Острый узкий серп луны за окном. Сон или бессонница? Такой узкий, что явственно ощущается зуд под ногтями. Зуд в губах. Так бывает, когда дуешь на гребень, заложив между зубьев папиросную бумагу. Так бывает, когда водишь пальцем по стеклу. Склу. Клу. Лу. У-у-у… Так бывает. Зачем мне губы? Чтобы произносить звук «у». У-у-у-у! Чудесный звук. Жуткий звук. Мой любимый звук.

 

Я. Он. Кто? Никто. Некто. Ни-ни. Не-не…

 

Читайте журнал «Новая Литература»

Некто Глеб Саввич, инженер. Тонкие пенснеобразные очки с плоскими, отражающими слепящий белый свет стеклами. Узкий нос, алые влажные губы под жесткими и короткими усами. Гладко выбритые, покрытые непреходящим румянцем, словно раз и навсегда обожженные стыдом щеки. Тридцать один год отроду. Глубокий старик.

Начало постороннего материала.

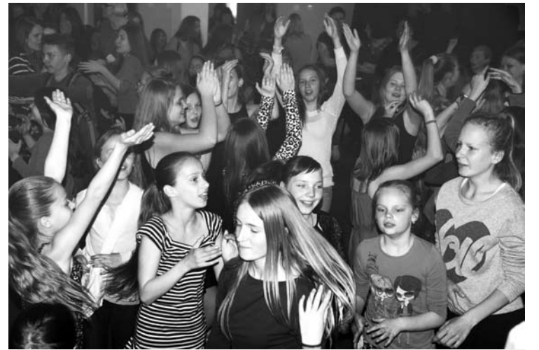
Apdovanojus konkurso nugalėtojus ir virėjas, A. Vienuolio progimnazijos moksleiviai šėlo „Kretingos maisto“ dovanotoje diskotekoje.

zevičiūtė teigė neturinti laiko, tačiau galėtų pagaminti cepelinų, o „Kretingos maisto“ dovanota valgių receptų knyga ji sakė tikrai pasinaudosianti.

Почему-то представляю его таким всякий раз, когда намазываю масло на хлеб. Словно разглядываю, видимый только мне, написанный маслом портрет. Словно есть два Глеба Саввича: тот, который где-то существует, и тот, которого я вижу, мастеря себе бутерброд к завтраку.

 

Ущипнуть себя – значит обнаружить себя в сейчас? Пусть так, но ведь там, где я только что была – витала, парила – я тоже была сейчас. Ущипнувшись, я обнаруживаю себя не в сейчас, а здесь.

 

Одна в комнате. Тихо и тепло. Тиканье часов. Дождь царапает стекло. За окном улица, вывеска булочной, мокрая крыша автомобиля, мокрая мостовая. Пусто-пусто на сердце и, кажется, будто меня нет, будто я не живу на свете. Автомобиль резко трогается с места и исчезает за краем оконной рамы, а на мостовой остается сухой и пыльный прямоугольник, на котором тотчас появляются мокрые кляксы. Что-то такое представляется мне, вспоминается, видится-воображается: лето, солнечный день, горячий асфальт и на нем синие тени от домов, столбов и людей. Кто-то идет в конце улицы, кто-то знакомый и молодой. Дальше невнятно-непонятно, как во сне. Впрочем, во сне любая нелепица понятна и закономерна. Что-то говорю сама себе. Мысленно говорю. Какие-то слова. Не просто говорю, а к тому же еще и коверкаю слова. Мысленно говорю: игрюшки, фрюкты, трюсы. Крютой парень. Глюпый юноша. Мойте рюки перед едой! Когда я ем, я глюх и нем.

 

Два приятеля: Костя и Андрей, оба поэты. Стихи слагают беспрерывно. А поручик Лермонтов похмелялся вермутом… Я вас не забуду, мои незабудки… У Кости, что называется, холодная кровь. Он медленный во всем, бледный, молчаливый. Паста в шариковых ручках у него сроду засыхает или замерзает даже, ручки пишут бледно, царапают и рвут бумагу. У Андрея ручки действуют безотказно, выписывая яркую жирную строку, паста из них то и дело вытекает, пачкая карманы пропахших потом рубашек. Он говорит «порутчик».

 

После шумной улицы, где всё снует и суетится, после яркого солнечного света, усиленного бликами от стекол лихо проносящихся авто, дома тихо и сумрачно. Беспечно и одиноко. Бледные тени прохожих циркульно скользят по потолку.

 

Шла на лыжах по снежному полю, совершенно не ощущая себя, о чем-то неведомом мне самой думая, где-то пребывая, пока не увидела вдалеке лыжницу в красной шапочке, и поначалу почему-то решила, что она – это и есть я. Еще подумала: когда это я шапку себе успела довязать? И очень испугалась, когда она так же неожиданно, как и появилась, стала исчезать: медленно скатилась в котловину, словно ушла с головой под снег. Тут только я себя отыскала. Отыскала и запела: ла-ла-ла. Сольфеджио на морозе.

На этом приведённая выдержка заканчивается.